The results show that the most conserved gene across all three phages within each of the clusters is not actually a tmp. The results show that there was a 24.66% similarity across the three clusters of the tape measure proteins, while the other three proteins only had around a 20% similarity meaning that there was a greater amount of similarity within the clusters of the other three genes

4/26

Today we presented our projects to the class in order to get feedback on our presentations. After presenting our data to the class, we decided to focus more on the importance of these results and add more to the presentation as to why sing gene analysis is important.

April 28

4/19/17: Gepard Dotplot data

Goal: To create Gepard dotplots that show the similarity among clusters for each of the proteins

Methods: Using the Gepard program the amino acid sequence was inputted for each of the proteins across all three clusters.

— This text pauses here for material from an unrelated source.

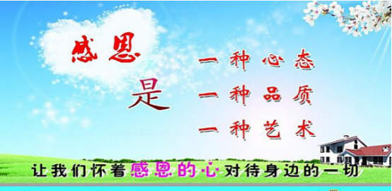 做人要懂得感恩,生活中需要我們感恩的事情很多,當你在和別人發(fā)生爭吵的時候,在因為一點小的事情與朋友發(fā)生矛盾的時候,在你和同事因為工作的事情而意見不合,在你和上司交流的時候因為他對你的批評而耿耿于懷等等這些,你是否知道問題出在什么地方嗎,你進行過分析嗎?不要只記得別人和你不順利的事情,也要想想別人對你的幫助,那你是否對幫助過你的同事說過感謝的話嗎?
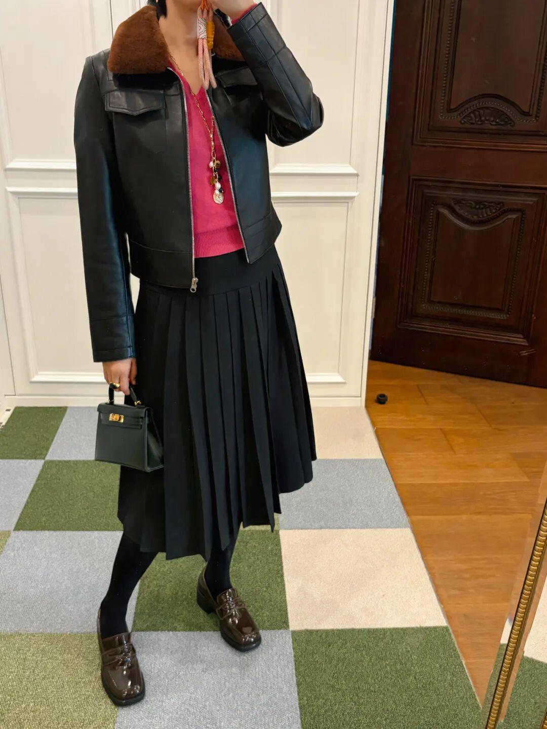 她会利用同色搭配法则,比如这条红色半裙的颜色就呼应了外套上的红色细节,整体穿搭更和谐。▼

the program was used to generate four dotplots

Results:

April 28

4/17/17: Continuing to collect data for project

Goal: Today’s goal is to continue collecting the multiple sequence alignment results.

Methods: We used the amino acid sequences already collected from the phages and proteins chosen and ran them against each other in the multiple sequence alignment tool, Clustal omega

We were able to collect the results for the rest of the alignments.